— Он твой дядька?
— Седьмая вода на киселе. А из его рук кормлюсь.
Дяденька Ворлыхан слово сдержал — прислал парнишку, потом еще одного. Втроем они с Ерохой ждали Нерецкого, но он не приехал.
Человек, направленный Ржевским на подмогу, был отослан назад со словами: сам-де справляюсь, опасности пока нет, ночевать можно в сарае, который указали добрые люди, и они же помогут при появлении Нерецкого, а вот что нужно сделать — предупредить купца Разживина, что на его ювелирную лавку воры нацелились, вьют петли вокруг нее и наверняка сбивают с толку младшего из приказчиков.

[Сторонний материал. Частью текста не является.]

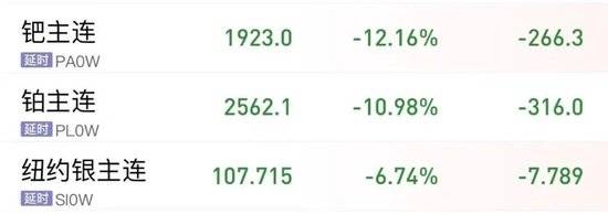 27日晚,NYMEX钯主力合约跌逾12%,NYMEX铂主力合约跌逾10%。

Во всей этой дурацкой истории Ероху больше всего смущала необходимость посещения винного погреба с ворами. Он и так, и сяк от этого дела уворачивался. А Ворлыхан, как нарочно, одно заладил: в шатун похряли!
Этого матерого шура Ероха все же побаивался. Ворлыхан же явно лелеял какие-то сложные замыслы. Видимо, ему в шайке недоставало человека, умеющего вести себя по-господски, который может быть вхож в почтенные дома; ежели этого человека умыть, побрить, нарядить щегольски да парик с высоко взбитым тупеем а-ла-кроше на голову нахлобучить, то мог бы хоть при дворе блистать!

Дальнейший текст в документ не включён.